Warga juga diingatkan agar tidak membuang sampah di selokan air sekitar rumah, membiarkan wadah penampung air terbuka di pekarangan rumah, dan rumput-rumput sekitar rumah segera ditebas atau dibersihkan. Jika ada saluran limbah air rumah tangga tergenang segera dialirkan.
Kaleng-kalang bekas, tempurung, ember dan wadah lain penampung air agar segera ditutup, dikuburkan, atau ditelungkupkan agar tidak menyimpan air selama hujan.
Kasus DBD pada musim hujan 2020/2021 sebanyak 326 orang, lima orang meninggal, semuanya anak di bawah usia lima tahun. Sementara musim hujan 2019/2020 terdapat 5.125 kasus, dan 52 orang meninggal. Ini merupakan kasus kematian DBD tertinggi dalam 5 tahun terakhir. ”Diupayakan agar musim hujan kali ini, kasus DBD tidak ada. Kalau ada segera kita lokalisasi sehingga tidak meluas,” katanya.
Spanduk pencegahan DBD yang dipasang di Kantor Dinas Kesehatan NTT di Kupang, tidak banyak manfaat mengatasi kasus DBD di NTT. Petugas kesehatan dan Kader Posyandu perlu turun langsung ke lapangan melakukan sosialisasi pencegahan DBD.
Asep Purnama dari RSUD TC Hillers Maumere mengatakan sedang merawat dua pasien DBD yang masuk rumah sakit itu tiga hari lalu. Ini tidak termasuk pasien DBD anak di bawah usia lima tahun atau balita yang dirawat khusus dokter anak. Belum lagi pasien yang dirawat di rumah sakit swasta lain, dan puskesmas rawat inap.
Setiap musim hujan memang selalu ada kasus DBD. Namun, diharapkan kasus itu tidak meluas seperti kejadian 2019/2020, di mana Kementerian Kesehatan turun tangan langsung ke Sikka. ”Belajar dari pengalaman itu, musim hujan 2020/2021 kasus DBD sudah ditekan, hanya ada belasan yang dirawat, tetapi tidak ada korban jiwa,” katanya.
Kasus DBD di Sikka tahun 2020 mencapai 1.667 pasien yang dirawat sampai semua rumah sakit dan puskesmas rawat inap kewalahan karena keterbatasan tempat tidur. Saat itu 14 orang meninggal, terutama anak balita.
Kebersihan lingkungan
Maksi Ola Boli (35), warga Desa Boru, Kecamatan Wulanggitang, Kabupaten Flores Timur, mengatakan, anaknya Alice Boli (3) baru saja pulang dari Puskesmas Rawat Inap Boru setelah dirawat satu pekan karena DBD. Peristiwa ini mendorong keluarga besar Ola Boli waspada, dan mulai memperhatikan kebersihan lingkungan sekitar rumah selama musim hujan.
”Biasanya orang membuang gelas air mineral bekas di sembarang tempat. Gelas mineral bekas kadang tersembunyi di rerumputan sekitar rumah. Tanpa disadari, wadah itu ternyata menjadi tempat bersarang nyamuk,” ujarnya.
Ia mengaku telah membersihkan seluruh halaman rumah, menguburkan gelas air mineral bekas, botol, kaleng, dan tempurung yang berserakan di halaman rumah.
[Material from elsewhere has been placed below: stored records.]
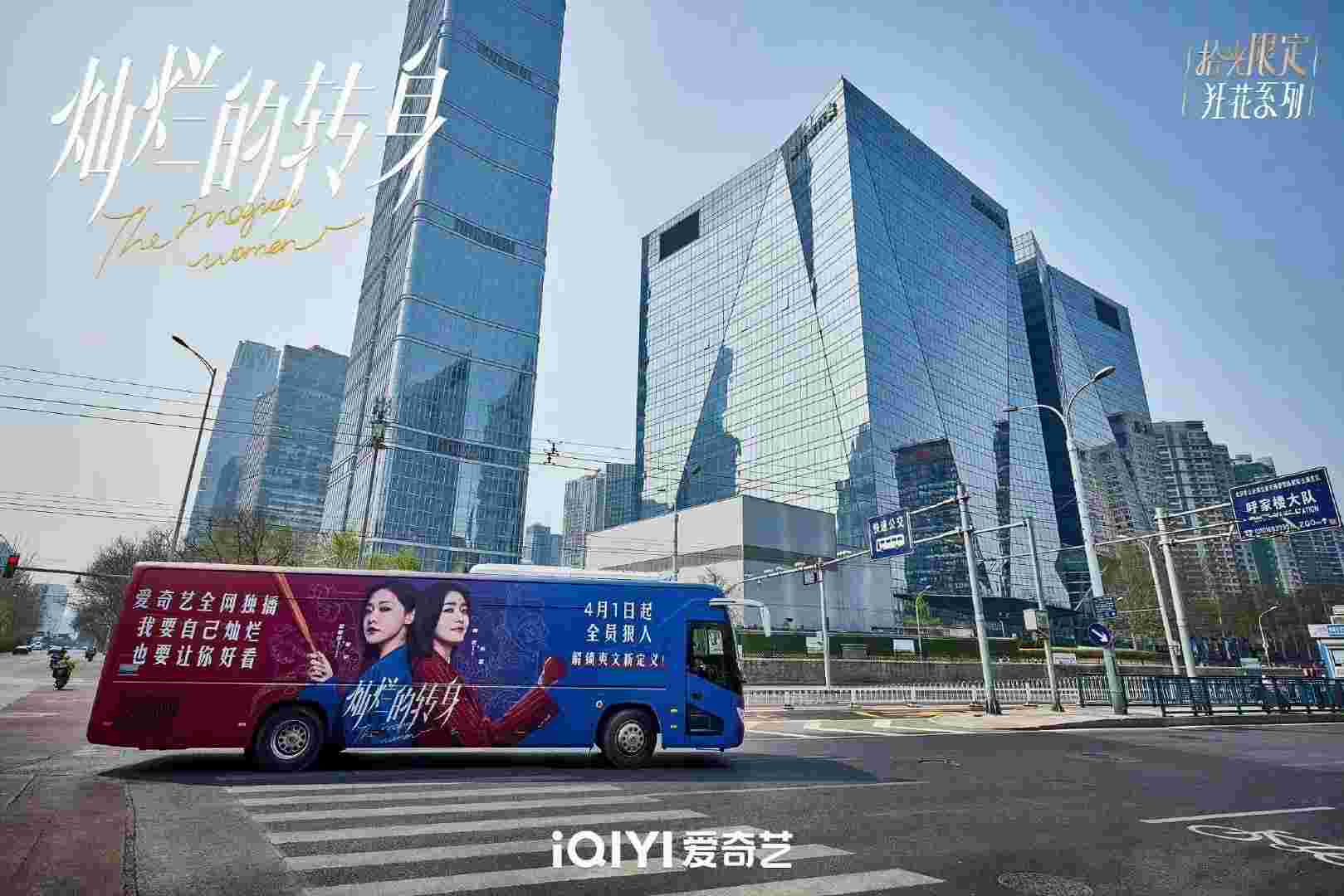 定制創(chuàng)意大巴車經(jīng)過商圈地段,核心辦公區(qū)域,定制路線全車身覆蓋-車身 + 車窗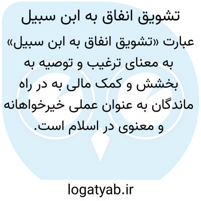عبارت «تشویق انفاق به ابن سبیل» به معنای ترغیب و توصیه به بخشش و کمک مالی به در راه ماندگان است. این ترکیب از چند بخش تشکیل شده است: «تشویق» به معنای ترغیب، تشویق یا تشویق کردن، «انفاق» به معنای بخشیدن مال، کمک کردن و صرف در راه خدا، و «ابن‌سبیل» شامل راه‌ماندگان، مسافران نیازمند و کسانی است که در مسیر خیر یا سفر به کمک نیاز دارند، مانند مسافر بی‌پول، نیازمند یا کسی که در راه خدا در حرکت است. این مفهوم در قرآن کریم و احادیث اسلامی مورد تأکید قرار گرفته و یکی از مظاهر صدقه و احسان محسوب می‌شود. انفاق به ابن‌سبیل به عنوان عملی خیرخواهانه و نیکو در جامعه شناخته می‌شود که هم به نیازمند کمک می‌رساند و هم ارزش اخلاقی و معنوی برای بخشنده دارد. این نوع انفاق معمولاً بدون انتظار بازگشت مالی انجام می‌شود و هدف آن تقویت روح همدلی، بخشندگی و حمایت از دیگران است. در آموزه‌های دینی، تشویق به انفاق به ابن‌سبیل نشان‌دهنده اهمیت حمایت از مسافران، فقرا و افراد در مسیر خیر است.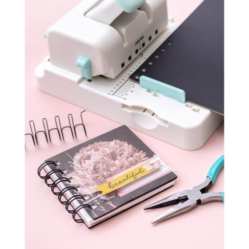 The Mini Cinch Book Binding Machine by We R Memory Keepers makes booking binding quick, easy and affordable, and now comes in a kit with everything you need to get started cinching! It is the best binding tool on the market for home, school and office projects. Punch perfect holes with customizable hole spacing on any size project. The Mini Cinch is great for making mini albums, recipe books, customized journals and planners, presentations and more. This package includes everything you need to get started: One Mini Cinch book binding machine, 16 wires (12-inch), a pair of wire cutters, and six 8.5×11.5-inch black bookboards. Imported.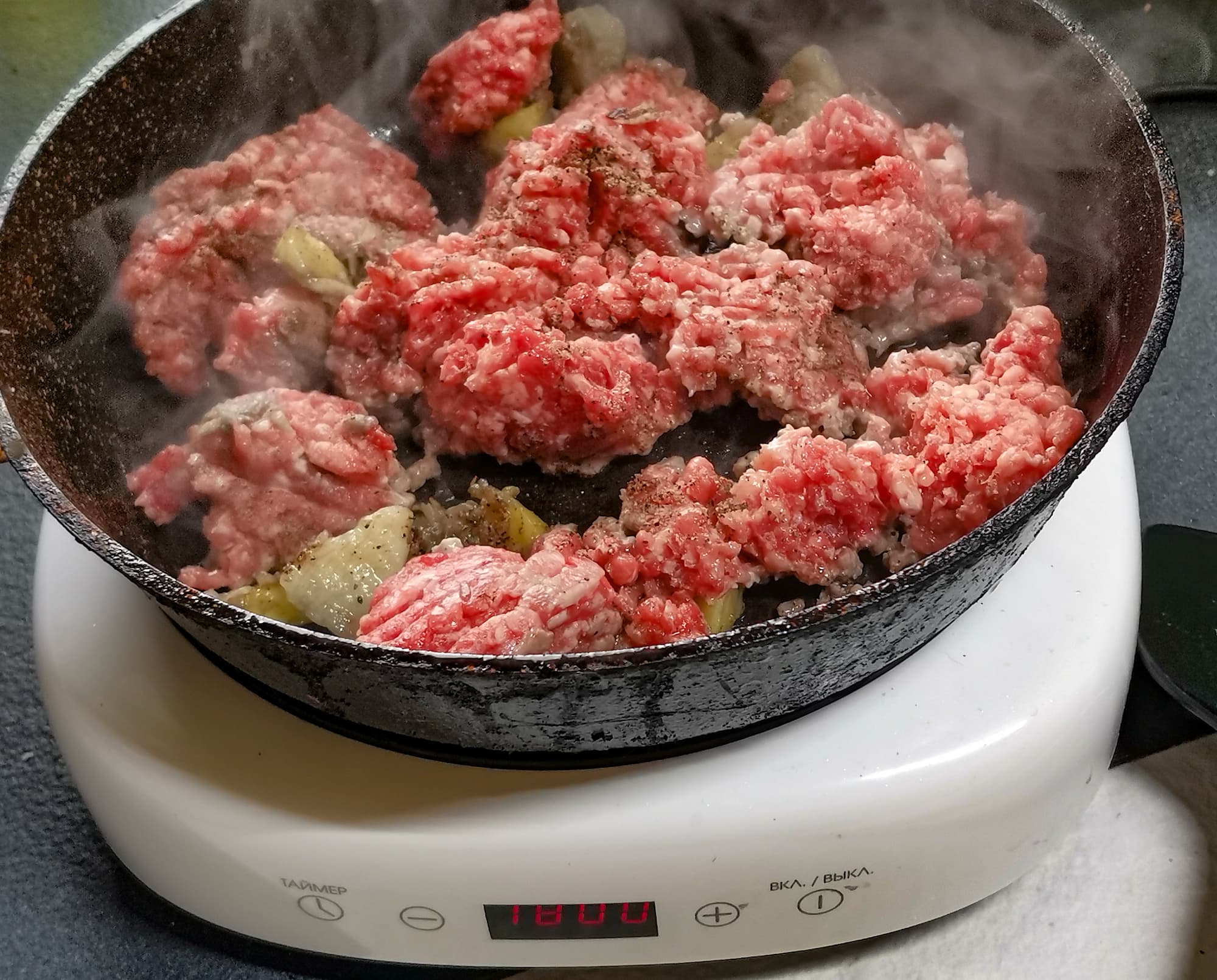 Домашний фарш выложили на разогретую сковородку вместе с луком и специями. Жарили на мощности 1800 Вт, постоянно перемешивая, в течение 5-7 минут.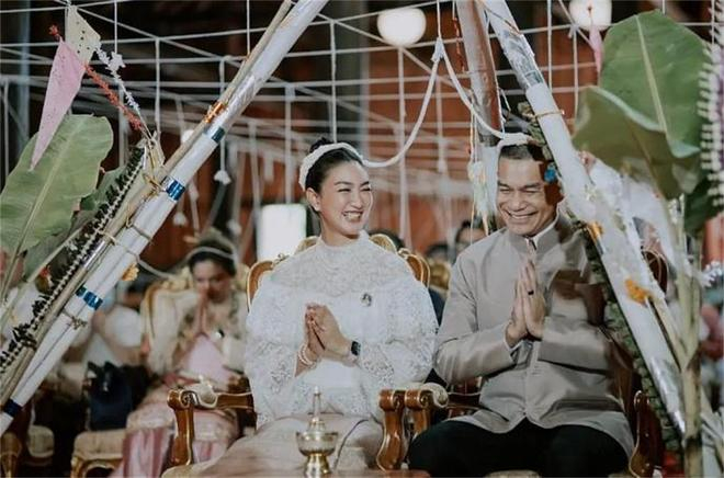 在随后的仪式上,长辈给Pancake和Mee的手上绑上了白色的绳子,并戴上花环,表示祝福这对新人百年好合。

Selokan air di samping rumah pun telah dibersihkan dan diharapkan tidak terjadi genangan air di selokan itu.
Meski demikian ia berharap pemerintah tetap melakukan fogging di rumah-rumah warga, halaman rumah, dan mendorong pembersihan lingkungan secara massal guna menghindari kemunculan nyamuk Aedes aegypti. ”Abate pun harus dibagi gratis kepada masyarakat,” katanya.
Anggota DPRD NTT, Viktor Mado, meminta pemerintah tidak hanya fokus pada upaya pencegahan penyebaran kasus Covid-19. Penyakit-penyakit lain yang muncul di saat musim hujan, seperti diare dan DBD, pun perlu diwaspadai. Masyarakat cenderung mengabaikan kesehatan selama musim hujan.